Двумя пальцами изображаю шагающего по карте человечка.
— Вот так будет выглядеть движение. Попеременное движение двух артгрупп, — перехожу к другому моменту. — В это же время конные эскадроны, с небольшим отставанием от передового дозора идут параллельно основной колонне в качестве бокового охранения.
— Немцы вроде так не делали, — бормотнул кто-то.
— Допросы пленных показали, что они должны были так делать. Но, увидев, что с флангов никто не угрожает, пренебрегли ради скорости. Итак. Сразу вслед выступает 85-ая дивизия и прижимается к реке. Там формирует линию обороны. Справа ждёт вступления в дело 21-го корпуса. Если кавдивизию немцы быстро вышибут, — исключать этого нельзя, — до этого не дойдёт.
— А мой 3-й полк? — интересуется Константинов.

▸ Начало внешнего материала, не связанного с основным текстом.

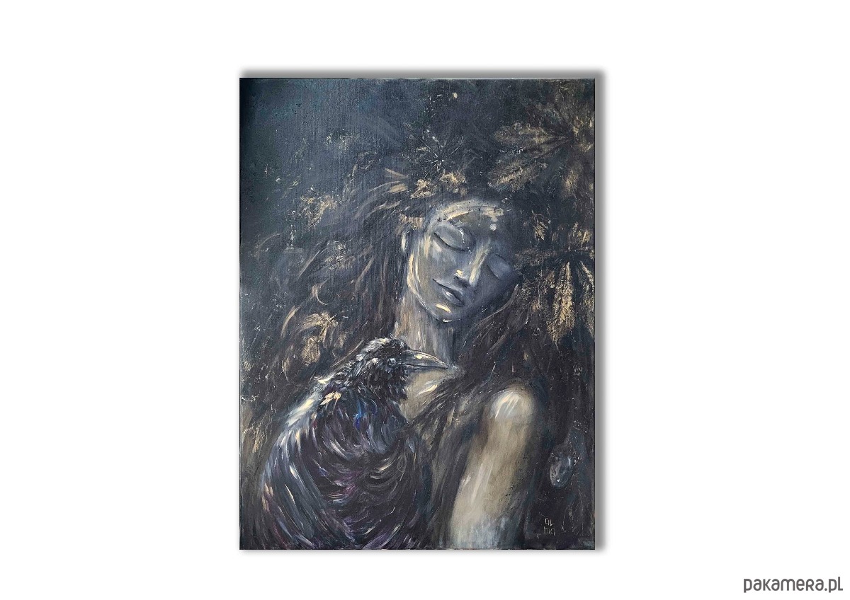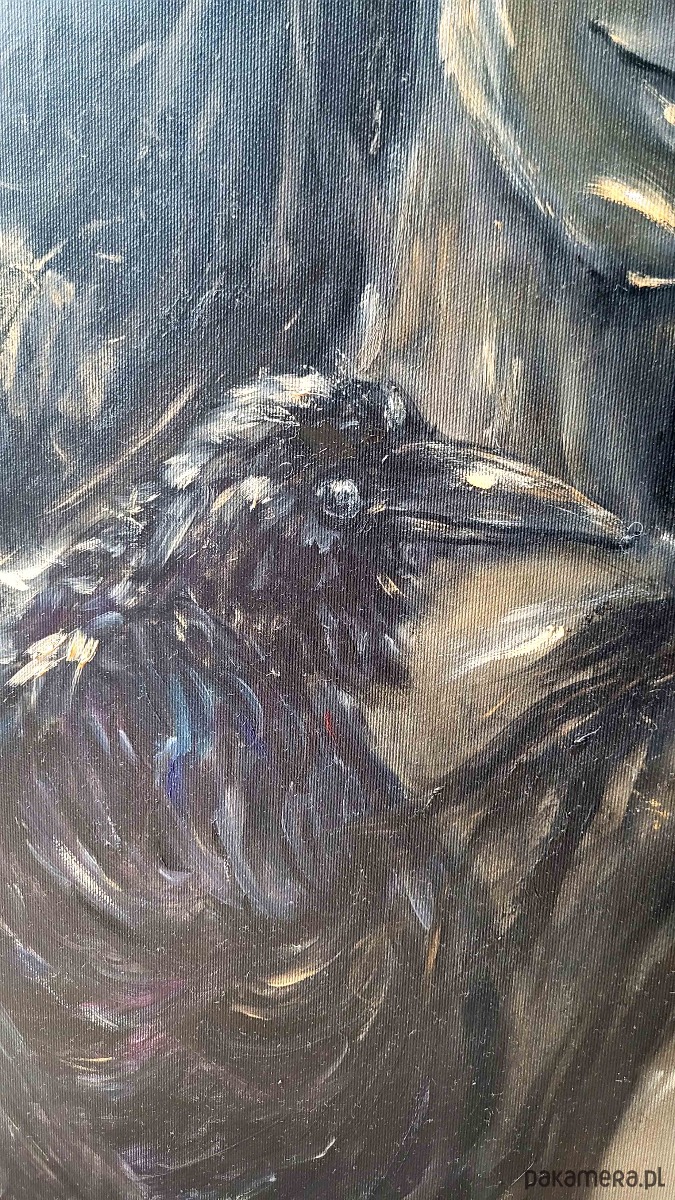 Obraz olejny ręcznie malowany 60x80cm "Kruk" las czarny

— На этот полк отдельные планы. Он в ваших манёврах участия не принимает, — о том, что весь шум затеян, в том числе, и затем, чтобы прикрыть выдвижение 3-го полка ближе к Вильнюсу, я умалчиваю. В конце концов, я никого не обманываю. Учиться манёврам действительно надо. Но я большой любитель убивать стаю зайцев одним выстрелом.
— Итак. Если удастся прибрать к рукам Меркине и Варену, этот литовский пятачок займёт 21-ый стрелковый корпус и 85-ая дивизия. И ещё одно. Сжечь немецкий танк или самолёт это хорошо и здорово. Но взять его в качестве трофея втройне лучше. Мы не только лишаем немцев танка, который они в большинстве случаев всё равно восстановят, но приобретаем себе, понимаете?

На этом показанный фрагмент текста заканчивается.